И потом, эти обезболивающие. Пока жена везла меня в больницу, я окончательно признался себе, что пересек ту черту, за которой начинается наркотическая зависимость. Согласно медицинскому определению, человек зависим, если употребляет больше назначенной дозы. После операций и послеоперационных осложнений, которые вызывали боль в паху, мне выдали рецепт на обезболивающие. Поначалу они были эффективны, потому что помогали справиться с последствиями операций и возможными инфекциями. Но боль не утихала, наркотический эффект ослабевал, а справляться с работой и домашними делами становилось все сложнее и сложнее. Я увеличивал дозы, принимал более сильные лекарства и очень хотел держать ситуацию под контролем. Наконец-то я понял истину, которая уже была известна некоторым моим пациентам: легко пришить человеку ярлык наркомана, хотя он хочет только одного – избавиться от боли.

Но это было еще не все. Рак, который накладывался на лекарственную зависимость, вгонял меня в глубокую депрессию. Чтобы справиться с этим состоянием, я начал пить антидепрессанты. Довольно скоро мне почудилось, что мое хорошее настроение так же зависит от них, как от обезболивающих. Опираясь на знания, полученные в мединституте, и расспрашивая наркологов в своей больнице, я понял, что если хочу избавиться от лекарственной зависимости, то хотя бы двенадцать дней должен полежать в стационаре. Почему же я позволил своей жизни выйти из-под контроля?
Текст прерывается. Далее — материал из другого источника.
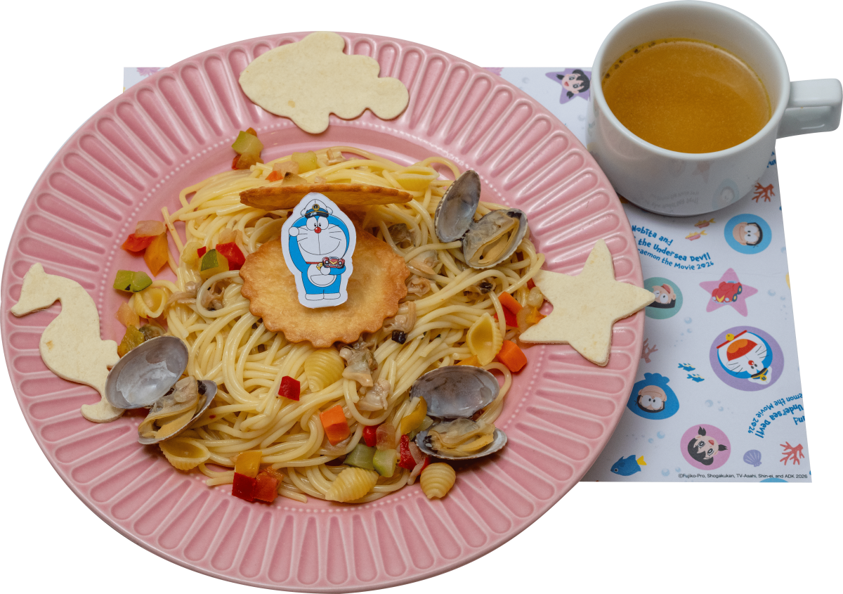 魚介のうまみが存分に頼めるボンゴレビアンコは、海底をテーマにしたグルメにピッタリ。ドラえもんがかぶっているのは作品に登場するひみつ道具「カメレオンぼうし」。ハマグリと昆布茶で深みを醸し、アサリの旨味が凝縮したソースをからめた麺がポイントだ。
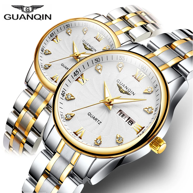 Часы наручные GUANQIN GS19127 для мужчин и женщин, Роскошные Кварцевые парные, с датой, из нержавеющей стали, для пар, 2022
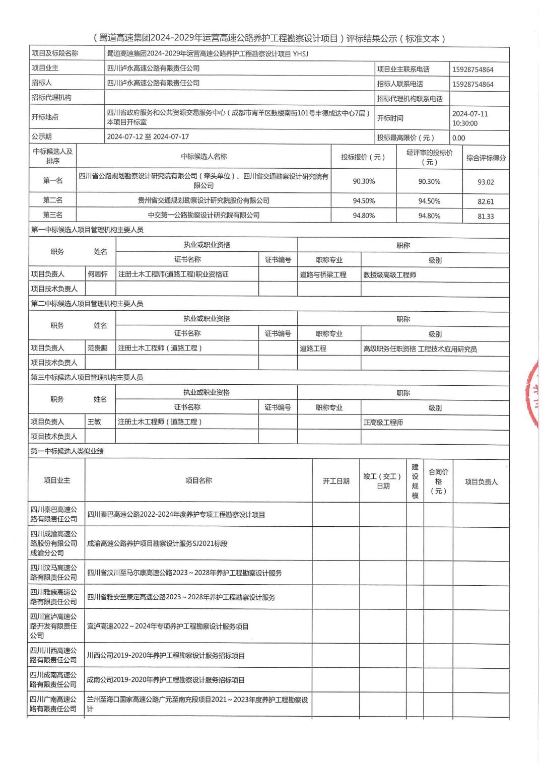 williamhill英国官网集团2024-2029年运营高速公路养护工程勘察设计项目评标结果公示.pdf
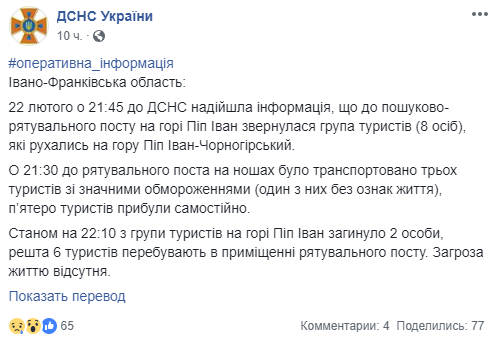 Как рассказали спасатели, 22 февраля в 21:30 на поисково-спасательный пост на горе Поп Иван Черногорский обратилась группа из восьми туристов. "В 21:30 в спасательный пост на носилках были транспортированы трое туристов со значительными обморожениями (один из них без признаков жизни), пятеро туристов прибыли самостоятельно. По состоянию на 22:10 из группы туристов на горе Поп Иван погибли 2 человека", - сообщили в Госслужбе Украины по чрезвычайным ситуациям.
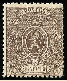 N°25 -5 c. brun-, légère trace de pli oblique sinon TB. |
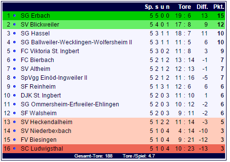 In der Tabelle der Bezirksliga Homburg bleibt die SG Erbach mit vollends weißer Weste ganz oben in der Tabelle, Ludwigsthal, Niederbexbach und Biesingen stehen mit jeweils drei Punkten am Ende der Tabelle:
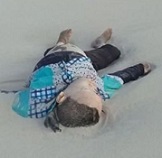 I piccoli sembrano avere più o meno un anno di vita. Uno indossa una tutina, e la sabbia lo ricopre in parte, come se fosse una copertina; uno è senza le scarpine. Insieme a loro un altro corpo, coperto di stracci, forse quello di una donna.

Мне вспомнился мой сын Рагав. Поскольку он был старшим сыном, я больше давил на него, чем на других детей, и надеялся, что он пойдет по моим стопам. Но он учился в мединституте уже четыре года и учился плохо. Хотя он не пропускал занятий, ему не хватало энтузиазма, и оценки подтверждали отсутствие интереса к профессии врача. Тем не менее я упорно настаивал, чтобы он продолжил учиться.

В то время как любовь моей жены к нашему сыну была безоговорочной, она всегда поддерживала его, моя же любовь была другой. За многие годы я хорошо усвоил взгляды на воспитание детей в Индии, которые привил мне отец. Их можно свести к поговорке: «Кривой гвоздь надо выравнивать молотком». Во всяком случае, мой отец «выравнивал» меня всегда, когда считал, что я не оправдываю свой интеллектуальный потенциал. В то время физические наказания в Индии были обычным делом, но я дал себе слово, что никогда не подниму руку на детей. Но годы шли, и отцовский гнев стал моим гневом, и мои дети часто страдали из-за него.

Возможно, теперь Рагав боялся меня или даже ненавидел. Будет ли у меня шанс помириться с ним? Я терялся в догадках, а машина с ревом неслась в ночную тьму. Где сейчас мой сын? Почему он не сидит в этой машине со мной, когда я особенно нуждаюсь в его помощи?

К тому времени, когда мы въехали через ворота скорой помощи на территорию университетской больницы, я вспомнил всю свою жизнь, и мой гнев разрастался, словно лесной пожар, пока не озарил истину: я ответственен за свою жизнь. Я обязан был быть более внимательным, выбирая дорогу.

Должно быть, когда я пришел к этому выводу, то громко ахнул, потому что один из санитаров, который грузил меня на носилки, ободряюще сжал мою руку.

«Теперь вы в безопасности», – сказал он.

Не помню, я то ли отрицательно покачал головой, то ли кивнул ему в ответ. Я в полной мере осознавал весь предстоящий ужас: у меня высокая температура и паховая инфекция, она не лечится антибиотиками.

Из-за стремительного развития инфекции меня покидали последние крохи уверенности в том, что у меня будет еще один шанс. Так или иначе, я готовился умереть.